Those results do not sensible to me. If each of those lines were an actual memory allocation the total would be in hundreds of gigabytes!

Even if I assume that the GPU driver just reports some lines multiple times, I get this:

$ sudo sh -c 'cat /sys/kernel/debug/dri/*/i915_gem_objects' | sort | uniq | perl -npe 's#([0-9]+) bytes#sprintf("%.1f", $1/1024/1024)." MB"#e'

1218 shrinkable [0 free] objects, 797.6 MB calibre-paralle: 1 objects, 0.0 MB (0 active, 0 inactive, 32768 unbound, 0 closed) chrome: 1134 objects, 645.0 MB (0 active, 0 inactive, 163840 unbound, 0 closed) chrome: 1134 objects, 645.0 MB (0 active, 676122624 inactive, 163840 unbound, 0 closed) chrome: 174 objects, 63.2 MB (0 active, 0 inactive, 66322432 unbound, 0 closed) chrome: 20 objects, 1.2 MB (0 active, 0 inactive, 1241088 unbound, 0 closed) firefox: 4844 objects, 7994.5 MB (0 active, 0 inactive, 8382816256 unbound, 0 closed) GLXVsyncThread: 4844 objects, 7994.5 MB (0 active, 0 inactive, 8382816256 unbound, 0 closed) [k]contexts: 2 objects, 0.0 MB (0 active, 24576 inactive, 0 unbound, 0 closed) Renderer: 4844 objects, 7994.5 MB (0 active, 0 inactive, 8382816256 unbound, 0 closed) Xorg: 114162 objects, 826.8 MB (0 active, 216350720 inactive, 537980928 unbound, 0 closed) Xorg: 594 objects, 1329.8 MB (14794752 active, 4739072 inactive, 1360146432 unbound, 0 closed)

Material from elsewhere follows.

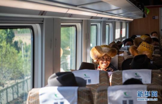 來自山南市貢嘎縣杰德秀鎮杰德秀村的巴珠,今年68歲,他一會兒從車窗眼望高山峽谷,一會兒摸摸車內現代化設施,這是他頭一次坐火車?!皬团d號和牛車比起來,像是在飛翔?!彼χf。

That's still way over the expected total numbers in range 4-8 GB. (The system has currently two seats logged in so I'm expecting to see two Xorg processes.)

Update: Looking the GPU debug output a bit more, I now think that those unbound numbers mean virtual blocks without actual RAM used. If I do this I get more sensible numbers for GPU memory usage:

$ sudo sh -c 'cat /sys/kernel/debug/dri/*/i915_gem_objects' | perl -npe 's#^(.*?): .*?([0-9]+) bytes.*?([0-9]+) unbound.*#sprintf("%s: %.1f", $1, ($2-$3)/1024/1024)." MB"#eg' | grep -v '0.0 MB'
1292 shrinkable [0 free] objects, 848957440 bytes

Xorg: 303.1 MB Xorg: 32.7 MB chrome: 667.5 MB chrome: 667.5 MB

That could explain about 1.5 GB of RAM which seems normal for the data I'm handling. I'm still missing multiple gigabytes to somewhere!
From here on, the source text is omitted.